The huge protein database that spawned AlphaFold and biology’s AI revolution

Scientists are using AI to dream up revolutionary new proteins

It’s easy to marvel at the technical wizardry behind

breakthroughs such as AlphaFold
. But a lot of that success is thanks to a database of protein structures dreamed up in the 1960s by Helen Berman, a crystallographer at the University of Southern California in Los Angeles, and like-minded scientists.

The Protein Data Bank (PDB) now holds the structures of more than 200,000 proteins, freely available to anyone. These data help AlphaFold to

predict the structures of proteins from their sequence
, and for other AIs to imagine new proteins at the push of a button.

Berman tells

Nature
why she’s pleased with the recognition — chemistry Nobel laureates David Baker at the University of Washington in Seattle, and John Jumper at Google DeepMind in London, both credited the PDB — and how other scientific fields can pave the way for AI breakthroughs with good data.

How did scientists share protein structures before the PDB?

The PDB came into existence when there were only a handful of structures to begin with. They were shared either by punch cards — every atom had its own punch card — or magnetic tape. The individual investigator would have to mail those things across the ocean if it was going from England to America.

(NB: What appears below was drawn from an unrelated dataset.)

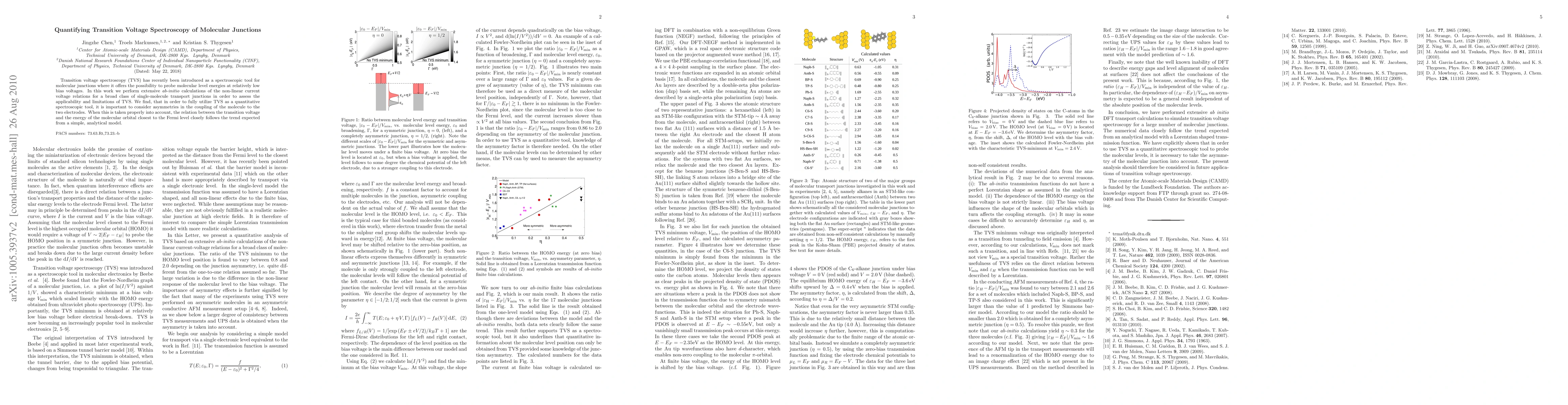 This paper investigates the applicability of transition voltage spectroscopy (TVS) in molecular junctions through extensive ab-initio calculations. It finds that asymmetries in the molecule-electrode coupling significantly affect TVS results, but when properly accounted for, TVS can quantitatively probe molecular energy levels.

What sparked the creation of the PDB?

I was a student in the 1960s in crystallography, and the structures of proteins were just beginning to appear. I was not a protein crystallographer, but I was struck by how important these structures were going to be.

I worked with a few other younger people who were also interested in structure. A small group of us began corresponding with one another about how we could get there to be a protein data bank. I don’t know that we called it that, but that’s what we wanted: some kind of a place where all these structures could be.

Was making these data open a key principle?

At the beginning of the PDB, the whole goal was just to get the protein-structure coordinates, and make sure we didn’t lose them. In the 1980s, there began a movement to say these structures are key for the public health. They’re key for good science. They have to be put in the PDB, because at the time there was no requirement. It required some encouragement on the part of the funding agencies. And it took a while for the journals to buy into the idea of requiring the data to be in the PDB. Now you cannot publish a structure without having it in the PDB.

Do you think we would have had Alpha Fold without the PDB?

Knowing what I think I know about how AlphaFold works, it would have been extremely difficult. Two things were important about the PDB data: it’s checked and validated by expert curators. The other thing is that the data are completely machine readable.

What’s it been like to observe this revolution in biological AI, with tools like AlphaFold, RoseTTAFold and protein-design software? They’re all trained on the PDB.

For me, it’s thrilling. The ideas that I had back then was that we would be able to understand protein sequence–structure relationships better. I am really, really happy about the results that came out of AlphaFold and all the work that David Baker has done in protein design.

Does it speak to the importance of experimental data for powering AI breakthroughs in science?

Yes, 100%. People will say, ‘Oh, well, the PDB data are really special.’ But we actually know why they’re special. It took a long, long time to figure out how to handle the data, how to represent the data, how to collect the data. We as a community, the PDB community, know how to do this.

I think that other communities can, should and must do this. Because otherwise we’re not going to get the big breakthroughs. The methodologies that allow you to do protein prediction and protein design — the same thing could happen in chemistry. It could happen in geology. It could happen in physics.